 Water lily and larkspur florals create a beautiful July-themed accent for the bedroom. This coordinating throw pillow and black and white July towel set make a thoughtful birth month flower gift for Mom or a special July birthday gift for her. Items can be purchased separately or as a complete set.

...

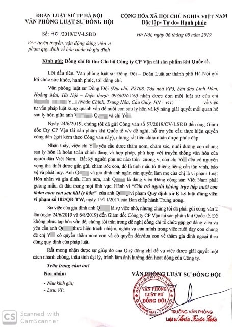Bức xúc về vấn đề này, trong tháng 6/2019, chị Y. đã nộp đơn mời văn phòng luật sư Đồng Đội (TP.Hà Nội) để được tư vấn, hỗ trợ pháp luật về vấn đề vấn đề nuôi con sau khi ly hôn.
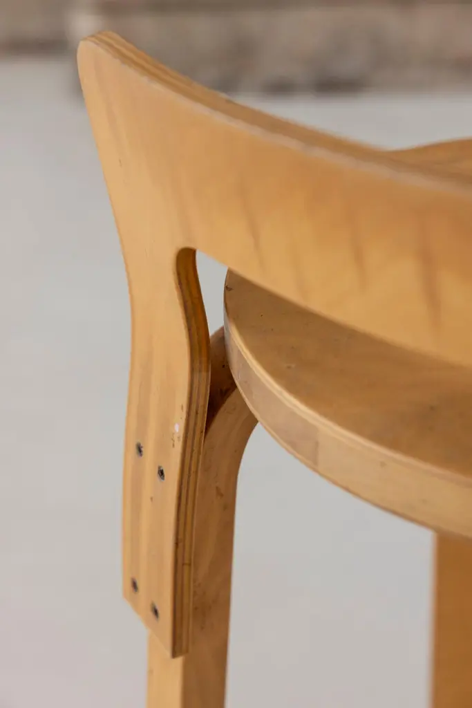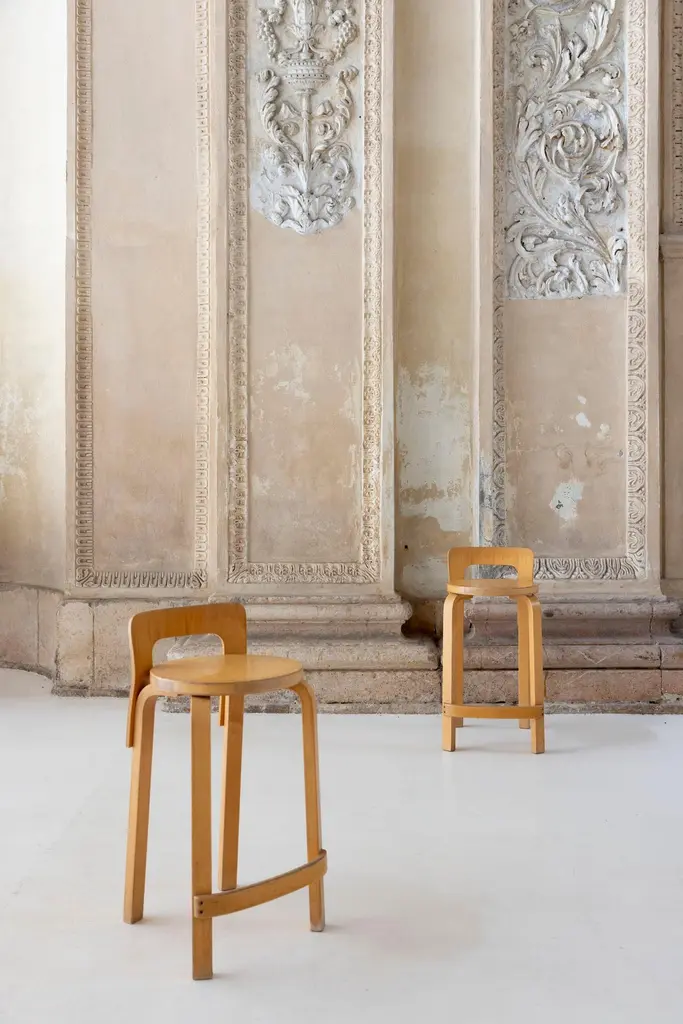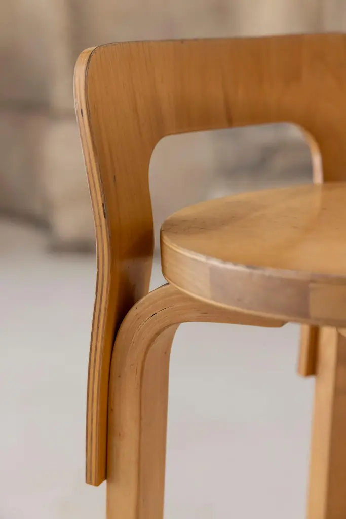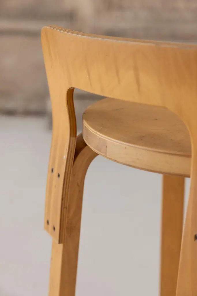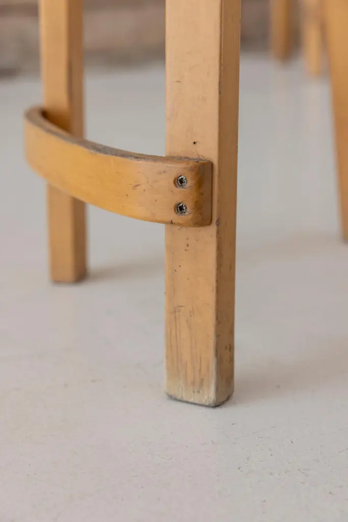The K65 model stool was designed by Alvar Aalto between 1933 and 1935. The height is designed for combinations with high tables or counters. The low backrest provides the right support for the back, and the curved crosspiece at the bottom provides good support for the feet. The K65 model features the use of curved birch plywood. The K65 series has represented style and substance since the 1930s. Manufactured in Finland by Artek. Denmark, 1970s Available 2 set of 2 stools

...

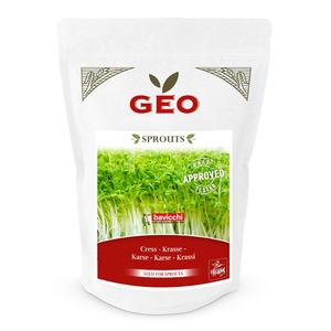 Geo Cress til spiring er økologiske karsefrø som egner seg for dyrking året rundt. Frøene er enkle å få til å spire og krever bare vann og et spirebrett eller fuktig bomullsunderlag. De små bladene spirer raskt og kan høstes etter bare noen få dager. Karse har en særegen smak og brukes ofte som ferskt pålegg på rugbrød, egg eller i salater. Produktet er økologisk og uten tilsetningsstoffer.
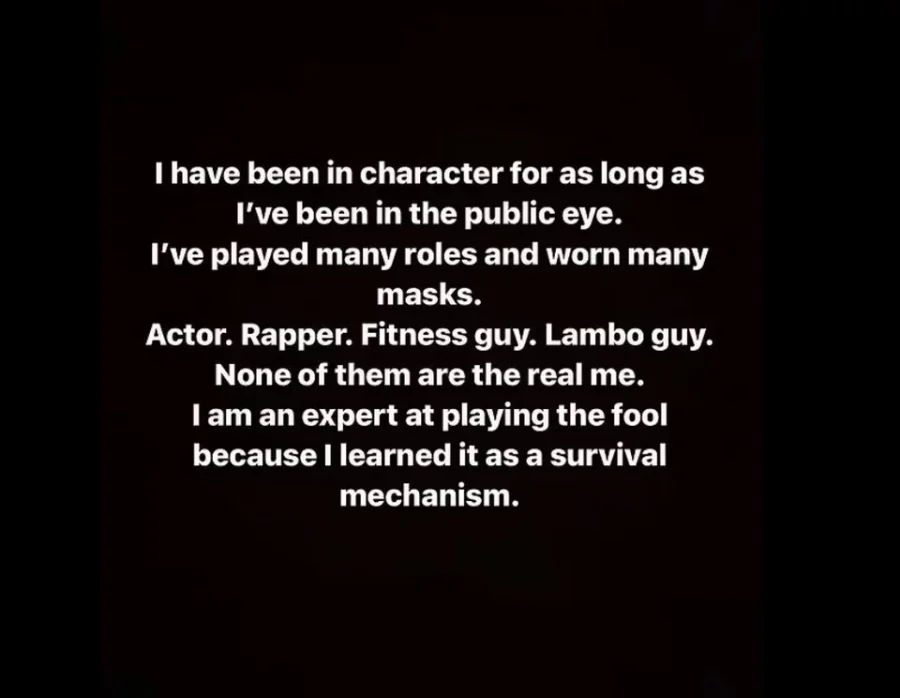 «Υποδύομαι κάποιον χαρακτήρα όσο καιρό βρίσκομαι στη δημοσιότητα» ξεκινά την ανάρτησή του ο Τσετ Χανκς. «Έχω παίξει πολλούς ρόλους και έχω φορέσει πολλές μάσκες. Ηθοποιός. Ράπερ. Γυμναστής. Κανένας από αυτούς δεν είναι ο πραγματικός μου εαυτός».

The task =>
Output only the lines above from the one containing "Bức xúc về vấn" to the one containing "The K65 model stool", both included, exactly as written and with no pictures.

Exercise answer =>
Bức xúc về vấn đề này, trong tháng 6/2019, chị Y. đã nộp đơn mời văn phòng luật sư Đồng Đội (TP.Hà Nội) để được tư vấn, hỗ trợ pháp luật về vấn đề vấn đề nuôi con sau khi ly hôn.
The K65 model stool was designed by Alvar Aalto between 1933 and 1935. The height is designed for combinations with high tables or counters. The low backrest provides the right support for the back, and the curved crosspiece at the bottom provides good support for the feet. The K65 model features the use of curved birch plywood. The K65 series has represented style and substance since the 1930s. Manufactured in Finland by Artek. Denmark, 1970s Available 2 set of 2 stools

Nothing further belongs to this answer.